Variation in virulence among M. incognita isolates to the Acala NemX resistance has been reported (Ogallo et al., 1997). The selection of virulent or ‘resistance-breaking’ forms of RKN and other plant parasitic nematodes by repeated exposure to resistant plants is a major concern in the deployment of resistance, but this has not been observed in commercial cotton fields due to the absence of available RKN resistant cotton cultivars. However, the virulence status of M. incognita isolates parasitic on cotton measured by the nematode reproduction potential in controlled greenhouse test inoculations revealed the presence of virulence (Ogallo et al., 1997). Five isolates from commercial cotton fields in the San Joaquin Valley were avirulent to the N6072-derived Acala NemX resistance gene rkn1, and to another resistant breeding line N8577, with reproduction factors (multiplication rates) of 1 to 4. However, an isolate from a field at the Shafter Research Station used by Hyer and Jorgenson (1984) in long-term RKN resistance screening, including in the development of the resistant N6072 and N8577 lines, had a significantly higher reproduction factor of 8, representing at least moderate virulence. This result indicated that virulence selection had occurred on resistant genotypes in the cotton breeding program, and demonstrated the potential for virulence selection in the future when resistant cultivars become available for intensive production on infested fields. However, we are not aware of reports of natural RKN virulence to cotton resistance from commercial production fields.

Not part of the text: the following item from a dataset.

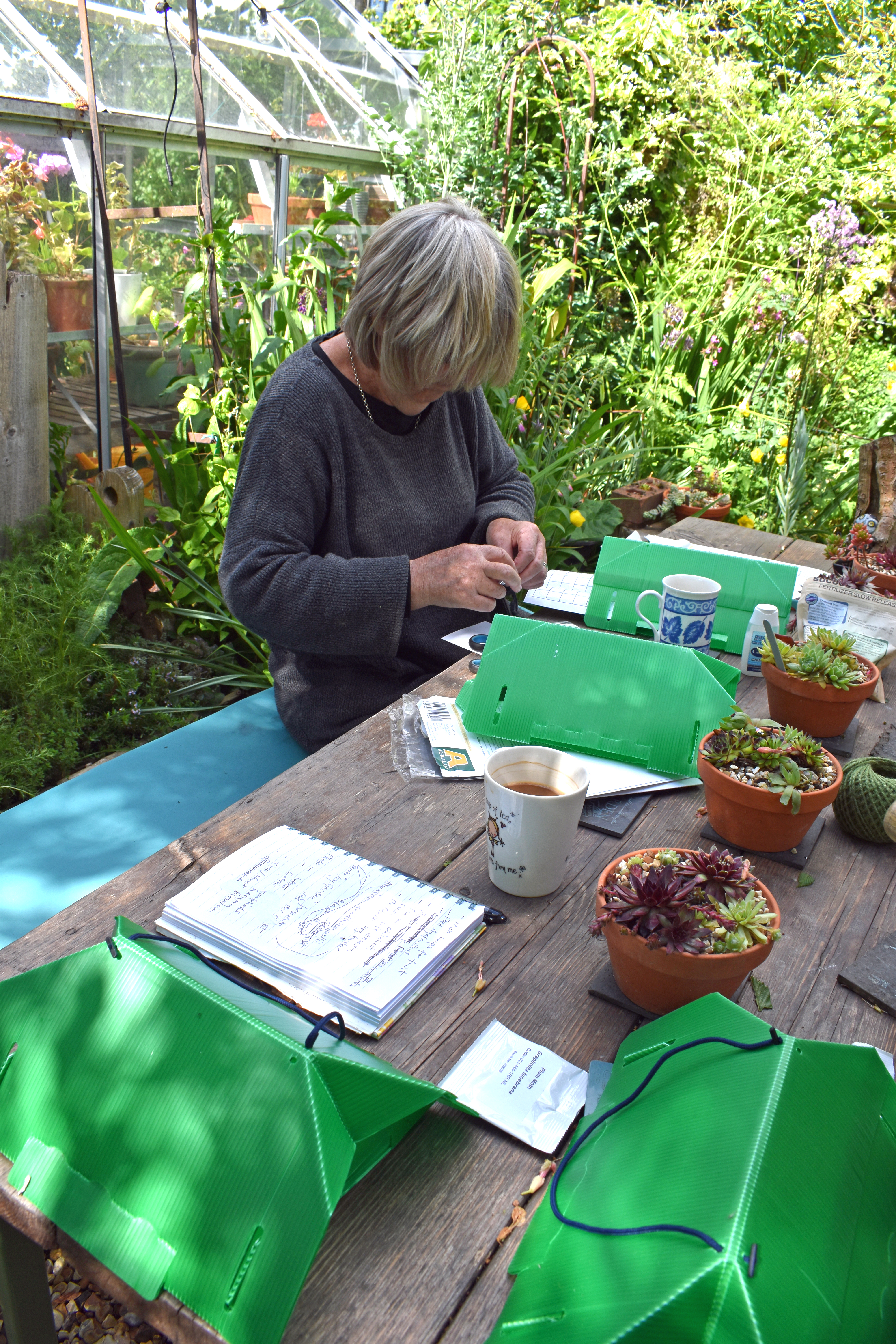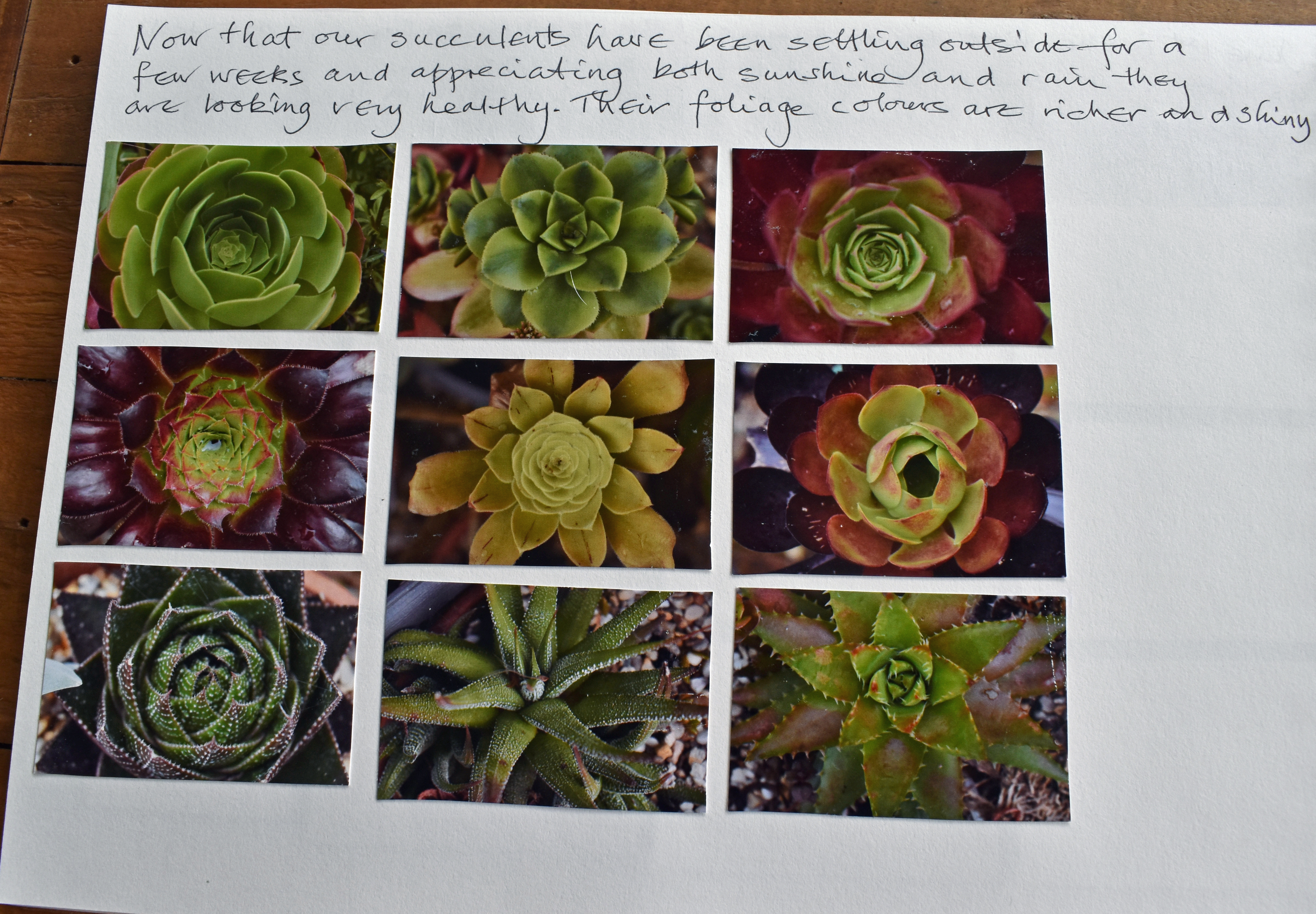 Over the page and we move on from roses to a completely different type of plant, the succulent family. I carried on by saying, “Now that our succulents have been settling outside for a few weeks and appreciating both sunshine and rain they are looking very healthy. Their foliage colours are now richer and shiny.”

Resistance genetics and breeding

The background to RKN resistance breeding in cotton indicates a rich source of resistance present among Gossypium germplasm, especially in the allotetraploid species G. hirsutum and G. barbadense, and in the A2 genome donor diploid species G. arboreum (Robinson et al, 2001; P. Roberts, M. Ulloa, and C. Wang, unpublished). The first highly resistant cotton germplasm available for RKN resistance breeding was ‘Auburn 623 RNR’ (G. hirsutum), a transgressive segregant for resistance from a cross of ‘Clevewilt 6-3-5’ and ‘Wild Mexico Jack Jones’ (Shepherd, 1974). Subsequently, ‘Auburn 634 RNR’ with a high level of RKN resistance was developed from the cross Auburn 623 RNR x ‘Auburn 56’, and in turn was used to develop the M-line series (‘M-120’, ‘M-315’, etc.) of resistant genotypes (Shepherd, 1982; Shepherd et al., 1988; 1996). These lines were not suitable as commercial cultivars but provided advanced breeder line resistant stocks. Another series of RKN resistant breeding lines including ‘LA RN 4-4’ and ‘LA RN 1032’ and the released cv. Stoneville LA 887 was developed from crosses emanating from ‘Clevewilt 6’ as the likely resistance donor (summarized in Robinson et al., 2001).

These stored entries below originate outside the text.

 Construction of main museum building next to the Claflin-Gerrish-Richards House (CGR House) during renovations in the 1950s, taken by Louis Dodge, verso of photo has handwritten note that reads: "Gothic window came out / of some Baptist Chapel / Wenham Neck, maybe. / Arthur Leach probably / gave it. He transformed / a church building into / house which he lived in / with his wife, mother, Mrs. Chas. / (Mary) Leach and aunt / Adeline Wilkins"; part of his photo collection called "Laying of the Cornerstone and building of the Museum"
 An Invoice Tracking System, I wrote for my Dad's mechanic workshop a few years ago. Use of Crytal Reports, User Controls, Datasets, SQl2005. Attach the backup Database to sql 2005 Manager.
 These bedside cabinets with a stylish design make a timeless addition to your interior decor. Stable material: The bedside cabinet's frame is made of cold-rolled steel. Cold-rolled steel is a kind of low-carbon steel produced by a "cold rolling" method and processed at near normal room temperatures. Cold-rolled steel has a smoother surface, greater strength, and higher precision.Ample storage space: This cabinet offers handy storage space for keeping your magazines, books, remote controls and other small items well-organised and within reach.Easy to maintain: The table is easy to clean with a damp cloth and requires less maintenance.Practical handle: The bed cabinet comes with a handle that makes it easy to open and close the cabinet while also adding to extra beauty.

In 1995, the upland cotton cultivar Acala NemX (G. hirsutum) was released, having been developed as a single line selection in a self-pollinated population with high RKN resistance (Oakley, 1995; Ogallo et al., 1997). Acala NemX was developed from the cross ‘Acala B1662’ x ‘N-3’; N-3 was derived from the nematode resistant line N6072 (Hyer and Jorgenson, 1984). The improved cv. Acala NemX HY has the same RKN resistance source, N6072, and derived from the cross resistant ‘N656’ x susceptible ‘Acala Prema’ (pedigree of N656 = ‘B1662’ x N6072). However, the origin of the RKN resistance in the N6072 pedigree source is not clear from the existing pedigree reports (Hyer and Jorgenson, 1984; Oakley, 1995; Robinson et al., 2001). Line N6072 was developed by Hyer and Jorgenson (1984) who indicated that it was a resistant transgressive segregant selection from the cross of ‘AXTE’ x ‘FBCX-2’. FBCX-2 was chosen because it had ‘Auburn 56’ and ‘Sea Island Seabrook 12-B2’ in its pedigree, both reported to have some RKN resistance. The AXTE line pedigree is complex, and included a triple hybrid between G. arboreum, G. thuberi, and G. hirsutum in its background, any of which may have contributed resistance genes (Robinson et al., 2001). In the Acala NemX release the N6072 resistance donor is indicated to have been selected from the cross ‘12302’ x ‘Tanguis’ (Oakley, 1995). We are currently screening these pedigree lines where available in an attempt to identify the source of gene rkn1 in Acala NemX.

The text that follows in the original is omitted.